When he came up at the end of the course to turn in his final exam,
he asked in a slightly cynical tone: "Do you think I’ll ever find God?"
I decided instantly on a little shock therapy. "No!" I
said very emphatically.
"Oh," he responded, "I thought that was the product
you were pushing."
I let him get five steps from the classroom door and then called
out: "Tommy! I don’t think you’ll ever find him, but I am absolutely
certain that He will find you!" He shrugged a little and left my class and my life.
I felt slightly disappointed at the thought that he had missed my
clever line: "He will find you!" At least I thought it was clever. Later I heard
that Tommy had graduated and I was duly grateful.
Then a sad report, I heard that Tommy had terminal cancer. Before I
could search him out, he came to see me. When he walked into my office, his body was very
badly wasted, and the long hair had all fallen out as a result of chemotherapy. But his
eyes were bright and his voice was firm, for the first time, I believe. "Tommy,
I’ve thought about you so often. I hear you are sick!" I blurted out.
"Oh, yes, very sick. I have cancer in both lungs. It’s a
matter of weeks."
"Can you talk about it, Tom?"
"Sure, what would you like to know?"
"What’s it like to be only twenty-four and dying?"
"Well, it could be worse."
"Like what?"
"Well, like being fifty and having no values or ideals, like
being fifty and thinking that booze, seducing women, and making money are the real
‘biggies’ in life."
I began to look through my mental file cabinet under "S"
where I had filed Tommy as strange. (It seems as though everybody I try to reject by
classification God sends back into my life to educate me.)
But what I really came to see you about," Tom said, " is
something you said to me on the last day of class." (He remembered!) He continued,
"I asked you if you thought I would ever find God and you said, ‘No!’ which
surprised me. Then you said, ‘But he will find you.’ I thought about that a lot,
even though my search for God was hardly intense at that time. (My "clever"
line. He thought about that a lot!) But when the doctors removed a lump from my groin and
told me that it was malignant, then I got serious about locating God. And when the
malignancy spread into my vital organs, I really began banging bloody fists against the
bronze doors of heaven.
But God did not come out. In fact, nothing happened. Did you ever
try anything for a long time with great effort and with no success? You get
psychologically glutted, fed up with trying.

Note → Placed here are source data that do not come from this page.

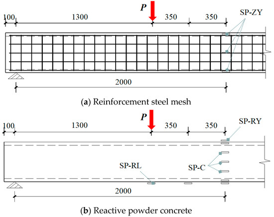 The initial load level of SRFB2 was set to 0%. The reinforcement was carried out directly after the fabrication and curing of the original members, and the bending test was carried out after the thin layer of reactive powder concrete reached the design strength. SFRB3, SRFB4, and SRFB5 were load-holding reinforced after applying up to 50% of the computed ultimate load capacity of the original member. A secondary force test was carried out after the thin layer of reactive powder concrete reached the design strength. The initial load level of SRFB6 was further increased to 80% before the load-holding reinforcement. The parameters of each specimen are shown in Table 1.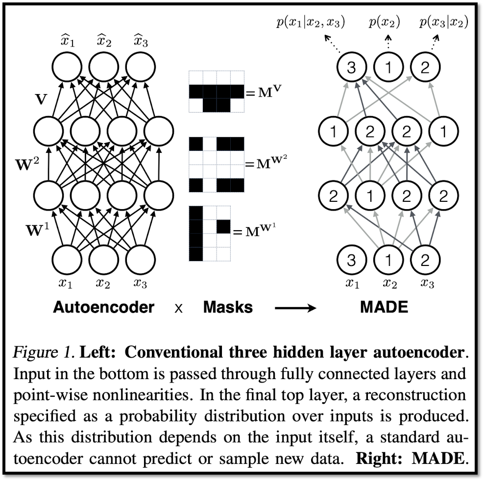 Autoencoder에 mask를 적용하면 autoregressive model 처럼 쓸 수 있다. autoregressive model 처럼 random variables에 ordering을 가정하고 영향을 미치는 random variables만 연산에 이용되도록 masking 처리를 한다.
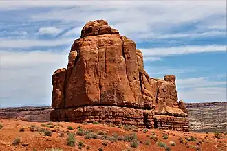 Mars Hotel is located within Arches National Park,[3] and like many of the rock formations in the park, it is composed of Entrada Sandstone, specifically the Slick Rock Member overlaying the Dewey Bridge Member.[4] It is among the first features that the main park road passes by. Topographic relief is significant as the summit rises approximately 250 feet (76 meters) above the surrounding terrain in 500 feet (152 meters) laterally. Precipitation runoff from Mars Hotel drains to the nearby Colorado River via Courthouse Wash. The first ascent of the summit was made in March 1989 by Kyle Copeland and Eric Johnson via If I Only Had A Brain rock-climbing route (class 5.10).[5] Mike Baker and Leslie Henderson climbed a new route in 1992 on the east face, Lost in Space (class 5.10+).[2][6]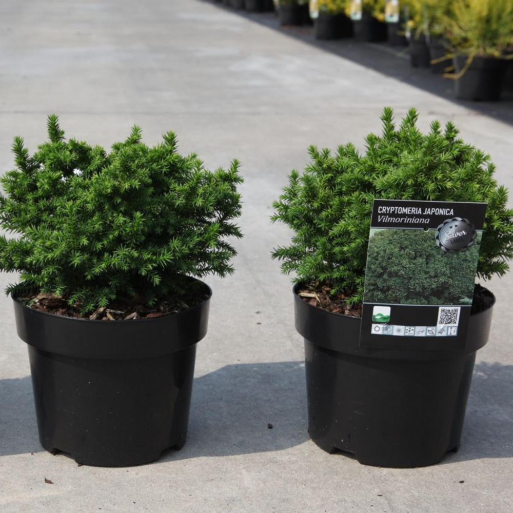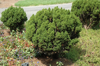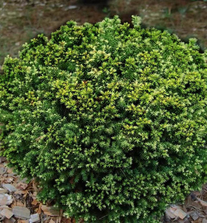 Trpasličia, pomaly rastúca guľovitá borovica s tmavozeleným ihličím.

And then you quit.
Well, one day I woke up, and instead of throwing a few more futile
appeals over that high brick wall to a God who may be or may not be there, I just quit. I
decided that I didn’t really care ... about God, about an afterlife, or anything like
that. "I decided to spend what time I had left doing something more profitable. I
thought about you and your class and I remembered something else you had said: ‘The
essential sadness is to go through life without loving. But it would be almost equally sad
to go through life and leave this world without ever telling those you loved that you had
loved them.’ "So I began with the hardest one: my Dad. He was reading the
newspaper when I approached him."
"Dad". . .
"Yes, what?" he asked without lowering the newspaper.
"Dad, I would like to talk with you."
"Well, talk."
"I mean. .. It’s really important."
The newspaper came down three slow inches. "What is it?"
"Dad, I love you. I just wanted you to know that." Tom
smiled at me and said with obvious satisfaction, as though he felt a warm and secret joy
flowing inside of him: "The newspaper fluttered to the floor. Then my father did two
things I could never remember him ever doing before. He cried and he hugged me.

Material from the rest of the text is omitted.